[What the exercise asks]: A verbatim copy is needed of the lines below from the one containing "Chunky Silver Seashell" up to and including the one containing "绿美白云生态嘉年华启动仪式上", excluding pictures.

[Source data]:
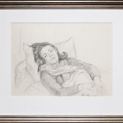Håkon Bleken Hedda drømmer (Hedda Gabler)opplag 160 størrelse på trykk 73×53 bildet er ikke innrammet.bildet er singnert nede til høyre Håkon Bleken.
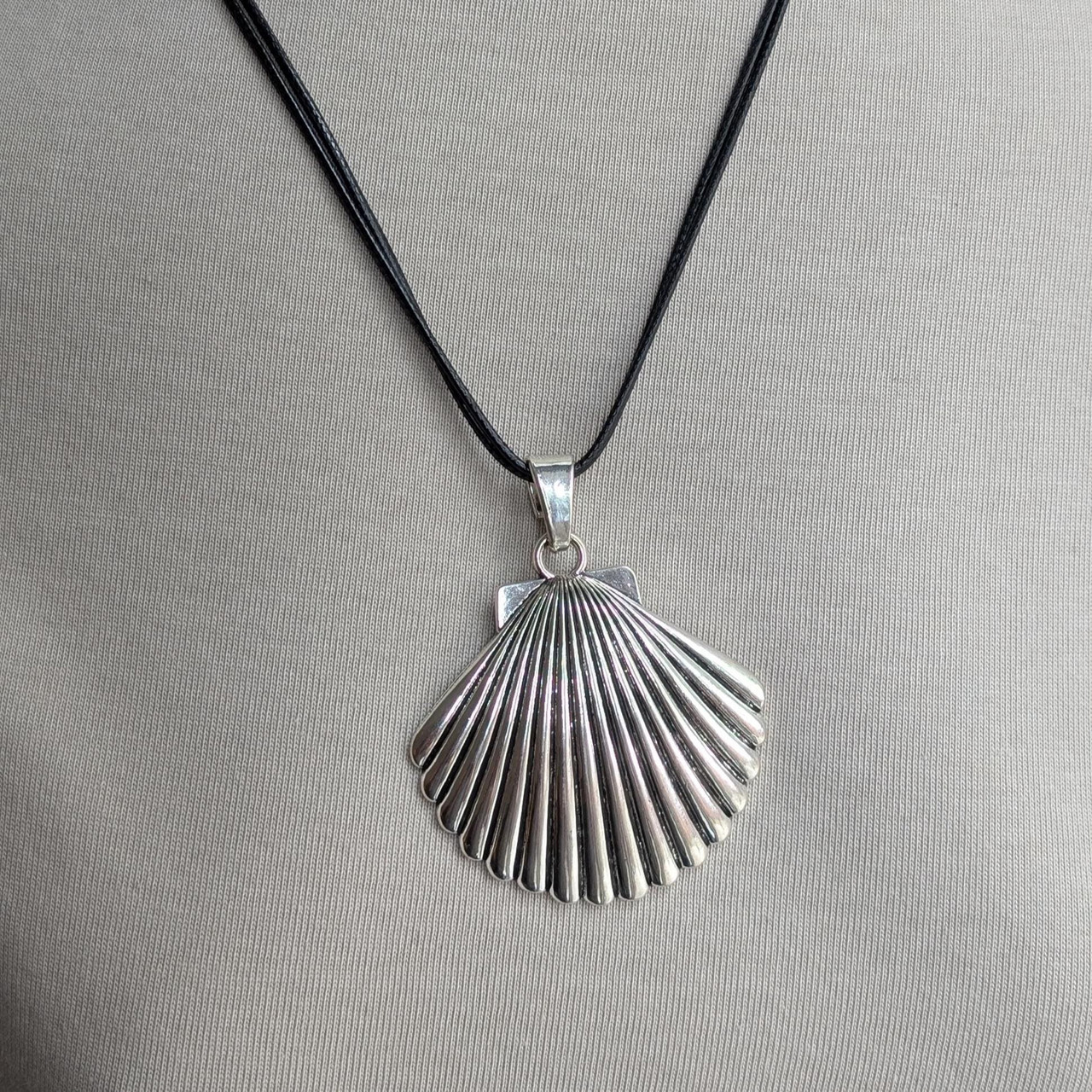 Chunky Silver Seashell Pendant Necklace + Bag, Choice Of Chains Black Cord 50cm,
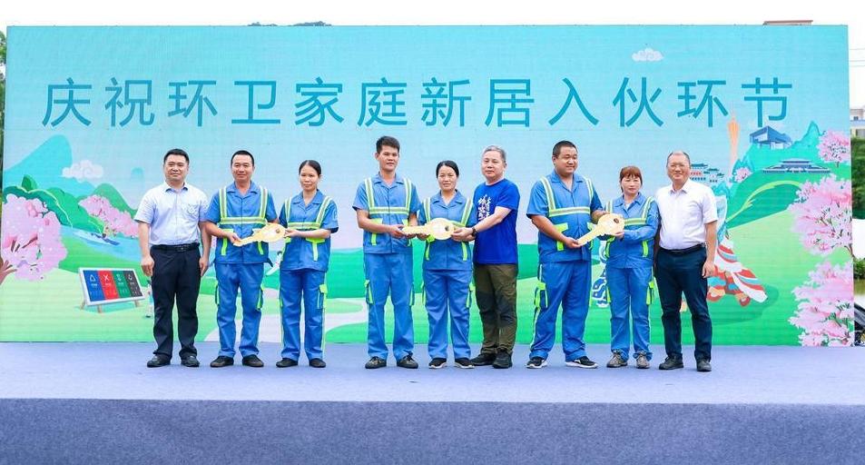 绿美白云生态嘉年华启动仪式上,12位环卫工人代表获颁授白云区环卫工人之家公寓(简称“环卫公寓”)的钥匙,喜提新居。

--

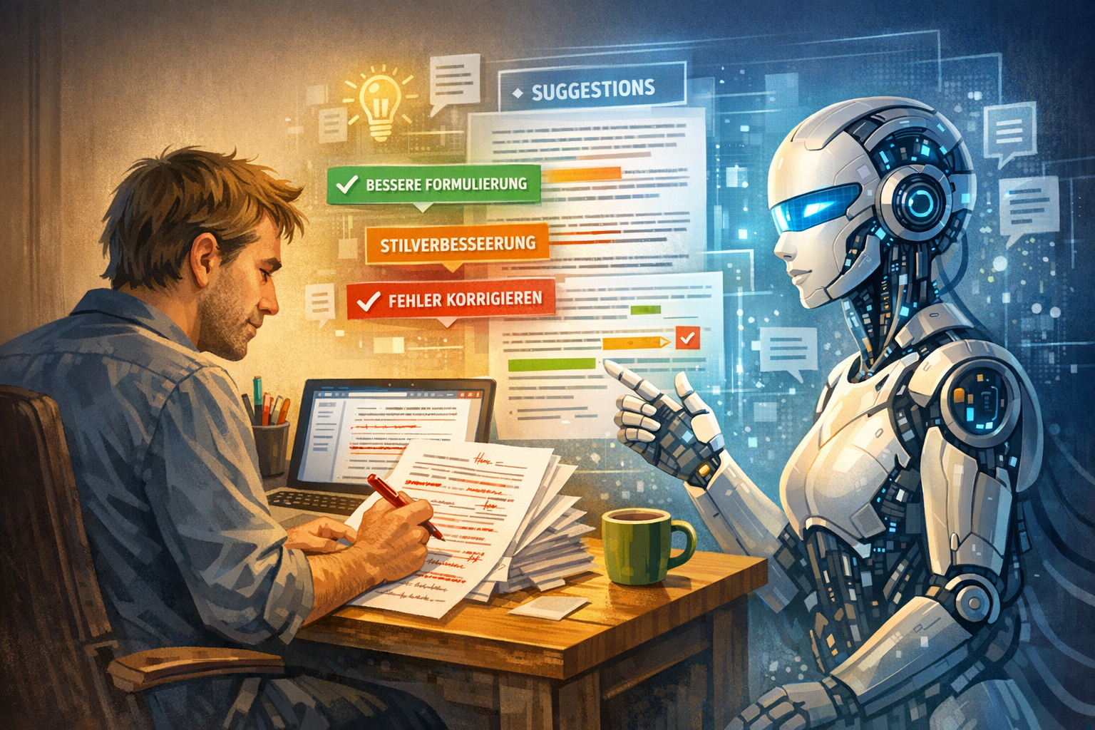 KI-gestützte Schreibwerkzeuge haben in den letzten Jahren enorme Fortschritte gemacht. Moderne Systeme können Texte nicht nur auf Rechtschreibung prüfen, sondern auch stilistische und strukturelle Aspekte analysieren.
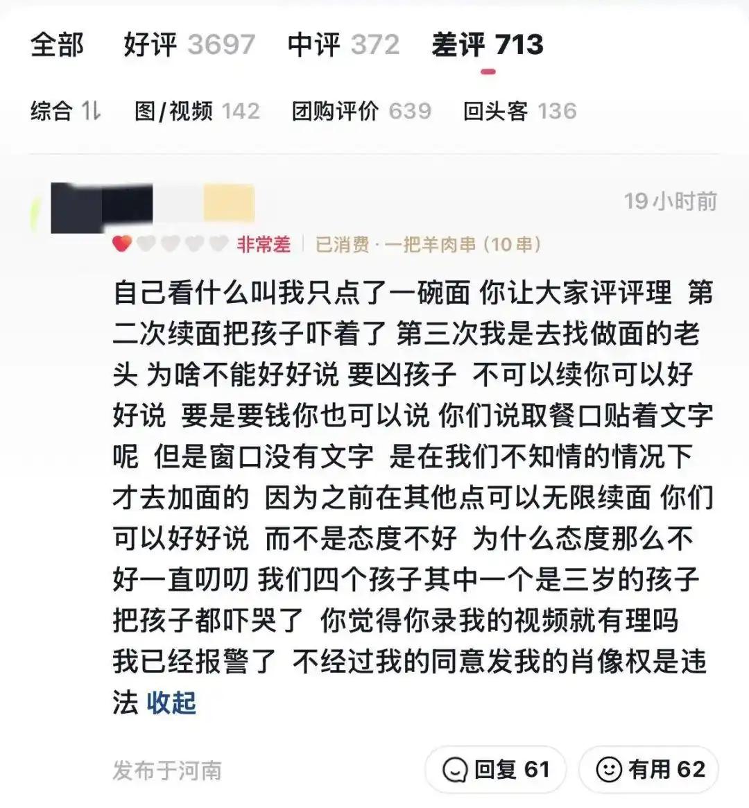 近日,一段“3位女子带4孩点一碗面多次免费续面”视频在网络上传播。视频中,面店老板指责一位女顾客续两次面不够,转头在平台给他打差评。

...

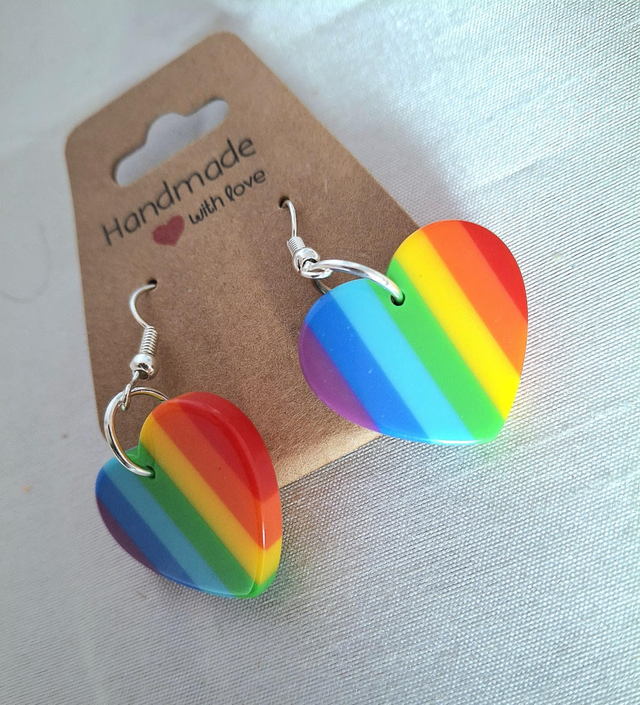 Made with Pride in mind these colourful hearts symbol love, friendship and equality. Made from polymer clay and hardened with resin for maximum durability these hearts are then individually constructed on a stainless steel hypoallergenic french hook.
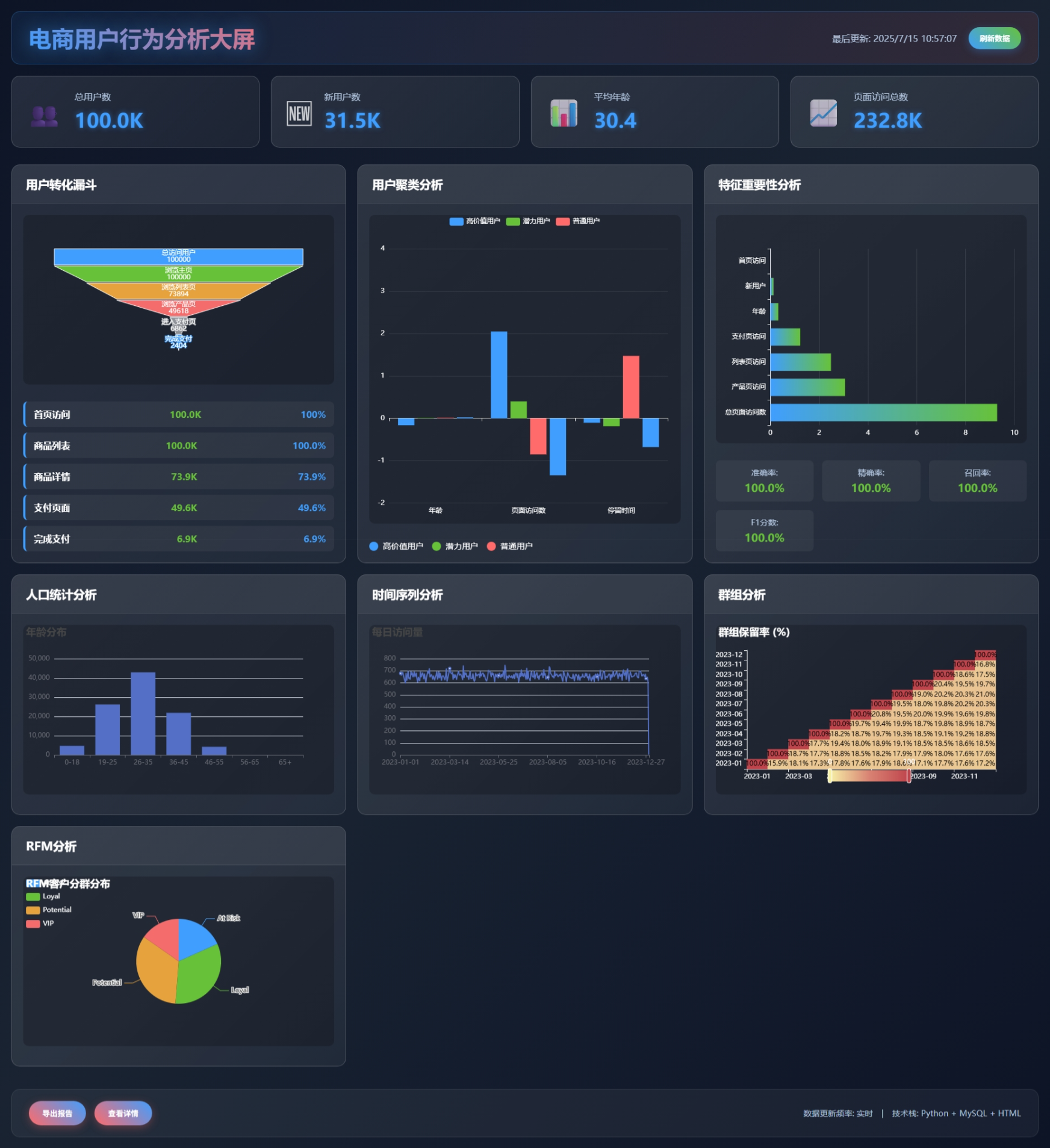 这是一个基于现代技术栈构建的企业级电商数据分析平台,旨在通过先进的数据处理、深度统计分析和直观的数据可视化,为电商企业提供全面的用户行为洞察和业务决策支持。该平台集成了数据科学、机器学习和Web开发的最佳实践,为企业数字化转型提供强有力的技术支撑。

[Response box]:
 Chunky Silver Seashell Pendant Necklace + Bag, Choice Of Chains Black Cord 50cm,
 绿美白云生态嘉年华启动仪式上,12位环卫工人代表获颁授白云区环卫工人之家公寓(简称“环卫公寓”)的钥匙,喜提新居。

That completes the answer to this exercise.